La alianza ya había sido frágil antes de esta reunión; ahora amenazaba con fracturarse por completo. Varkos no estaba equivocado. El desequilibrio no tenía sentido. Harvey respiró, luego dijo tranquilamente:
—Si quieres mi respuesta honesta, no, no arriesgué mi vida por ellos. Me concentré en proteger a mi gente. Por eso los miembros del Gremio Oscuro sobrevivieron.
Se enderezó, su expresión indescifrable.
—Esto es una alianza, sí, pero siempre pondré al Gremio Oscuro primero. No me disculparé por eso.
Las palabras colgaron pesadamente en el aire. La mandíbula de Varkos se tensó. Alen parecía listo para discutir, pero en el fondo, ambos sabían que Harvey no estaba del todo equivocado. En su posición, ellos podrían haber hecho lo mismo. El silencio se extendió hasta que finalmente Raze habló:
—Basta —dijo, su voz calmada cortando la tensión—. No tiene sentido volverse unos contra otros. Lo hecho, hecho está.

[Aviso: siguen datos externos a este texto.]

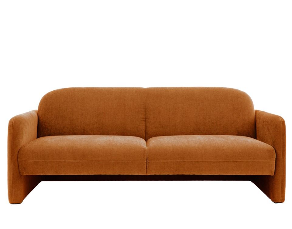 - With wide appeal, this 3 seater sofa's smooth design will fit right into any modern interior. The fuss free design with open space underneath the seat, straightforward arms and simple back creates a feeling of effortless design cool, perfect for making your living space a bright contemporary space. Also available in cream and blue colour choices.
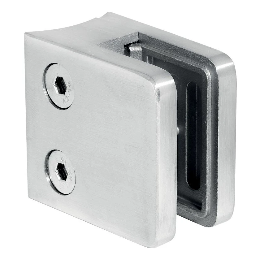 Suorakulmainen lasipidin 45×45×26 mm AISI 304 -ruostumattomasta teräksestä satiiniviimeistelyllä. Suunniteltu 6–10,76 mm paksuisten lasilevyjen kiinnittämiseen 48,3 mm halkaisijaltaan oleville putkipylväille. Tuote asennetaan ruuvaamalla — tarjoaa vakaan ja esteettisen kiinnityksen lasipaneeleille kaiteissa ja väliseinissä.
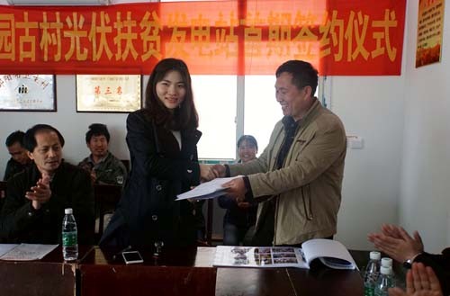 3月31号,绥宁县关峡苗族乡大园村村委会传出阵阵掌声,庆祝该村与湖南科比特光伏发电有限公司成功签约100KW分布式光伏扶贫项目。这是邵阳市首个100KW规模的光伏扶贫项目落户绥宁古苗寨,项目完工后,将帮助该村累计收益250万元。
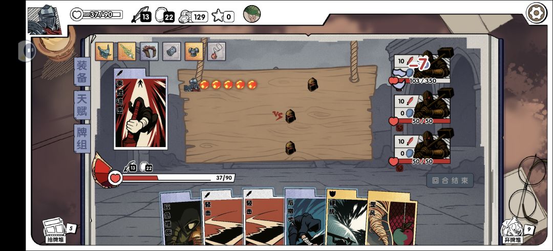 第二个吃装备,五个部位的装备,人品差的时候一直集不齐,回血靠装备,靠卡牌,不过多几件装备,基础属性高
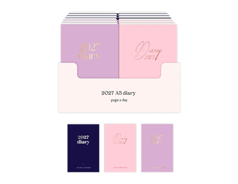 Each A5 diary has a page for every day of the year for 2027 and also features yearly calendars, a planner, pages for personal details, notable public holidays and international details.

Miró alrededor de la sala.
—Todos hemos sufrido pérdidas. Pero en general, los resultados están a nuestro favor. El Gremio Cerebus ha sufrido daños. Hemos recogido información que puede cambiar la percepción pública, y el Submundo ya ha comenzado a cambiar.
La atención de todos se volvió hacia él mientras continuaba.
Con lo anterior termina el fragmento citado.